Given records
▽

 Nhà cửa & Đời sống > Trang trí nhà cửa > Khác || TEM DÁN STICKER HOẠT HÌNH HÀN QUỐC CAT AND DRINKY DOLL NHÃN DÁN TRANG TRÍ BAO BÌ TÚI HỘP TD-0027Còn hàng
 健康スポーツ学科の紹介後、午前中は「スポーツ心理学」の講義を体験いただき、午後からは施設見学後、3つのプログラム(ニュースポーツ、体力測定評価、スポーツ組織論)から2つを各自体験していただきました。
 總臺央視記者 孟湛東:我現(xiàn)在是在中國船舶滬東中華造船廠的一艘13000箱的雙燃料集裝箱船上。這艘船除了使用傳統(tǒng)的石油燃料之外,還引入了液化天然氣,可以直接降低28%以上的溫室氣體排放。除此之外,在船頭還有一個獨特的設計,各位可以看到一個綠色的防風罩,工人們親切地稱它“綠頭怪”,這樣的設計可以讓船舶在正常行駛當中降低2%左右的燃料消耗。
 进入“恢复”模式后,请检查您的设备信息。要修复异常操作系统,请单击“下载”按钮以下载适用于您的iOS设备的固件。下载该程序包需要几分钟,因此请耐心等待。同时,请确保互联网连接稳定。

△
▽

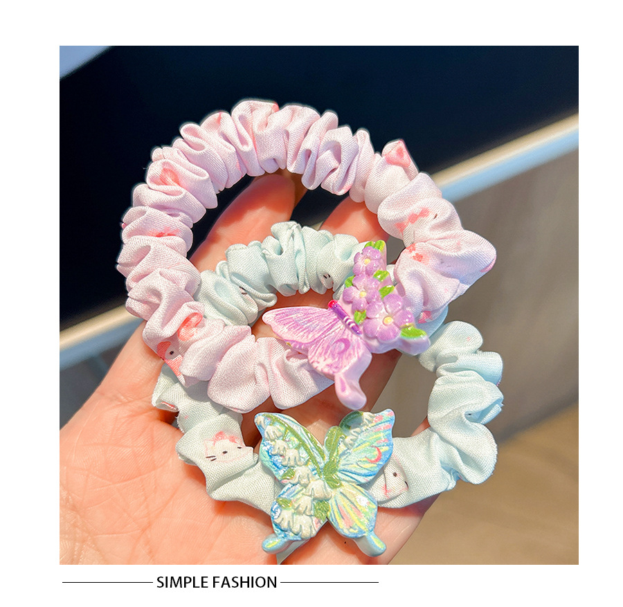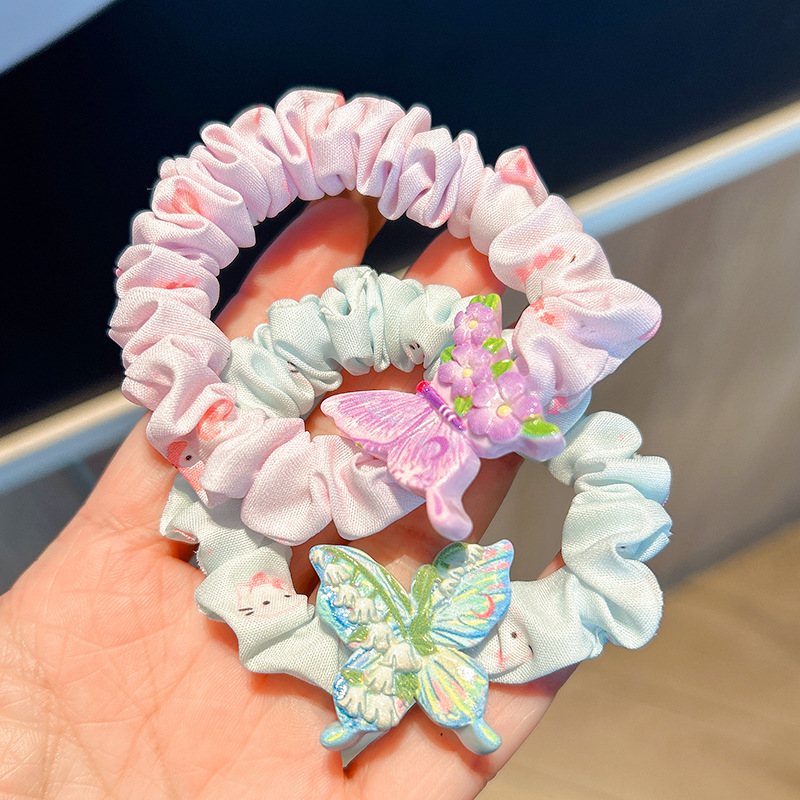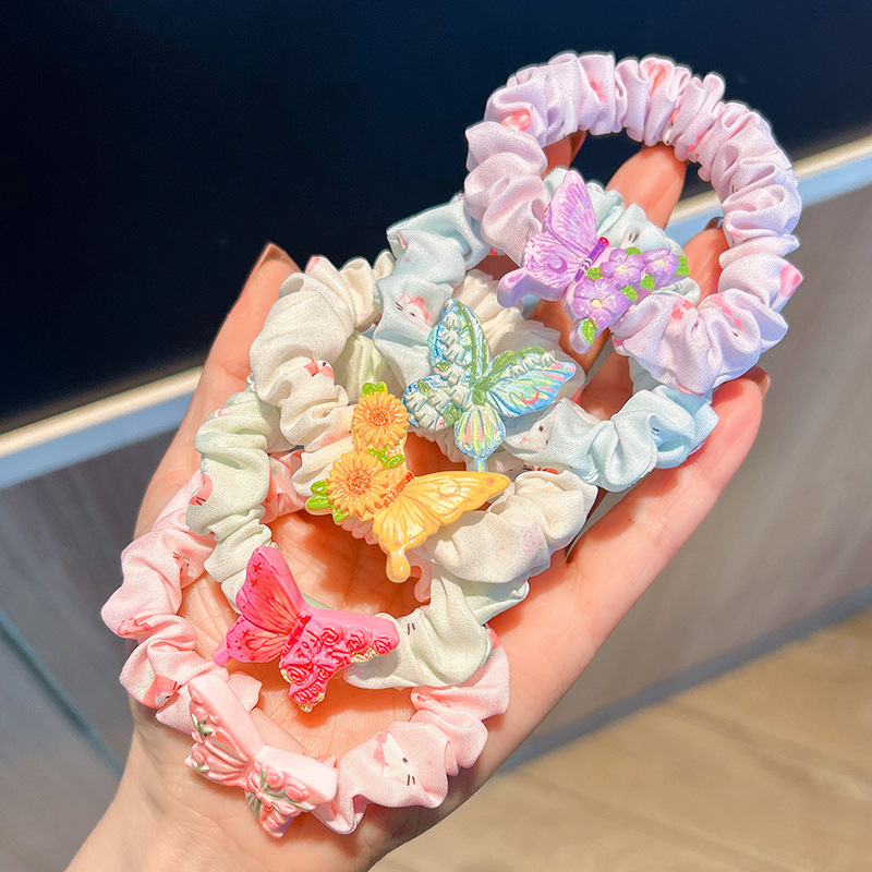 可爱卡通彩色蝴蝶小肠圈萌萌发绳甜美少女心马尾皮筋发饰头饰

△
▽

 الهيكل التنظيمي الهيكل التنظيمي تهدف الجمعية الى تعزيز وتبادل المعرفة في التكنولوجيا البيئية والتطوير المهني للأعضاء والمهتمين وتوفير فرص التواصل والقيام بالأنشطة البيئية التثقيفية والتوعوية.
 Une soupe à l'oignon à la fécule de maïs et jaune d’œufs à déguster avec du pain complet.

△

All lines above between those holding "Nhà cửa & Đời" and "健康スポーツ学科の紹介後、午", inclusive, must be set down unchanged, and no other line may be included.

 Nhà cửa & Đời sống > Trang trí nhà cửa > Khác || TEM DÁN STICKER HOẠT HÌNH HÀN QUỐC CAT AND DRINKY DOLL NHÃN DÁN TRANG TRÍ BAO BÌ TÚI HỘP TD-0027Còn hàng
 健康スポーツ学科の紹介後、午前中は「スポーツ心理学」の講義を体験いただき、午後からは施設見学後、3つのプログラム(ニュースポーツ、体力測定評価、スポーツ組織論)から2つを各自体験していただきました。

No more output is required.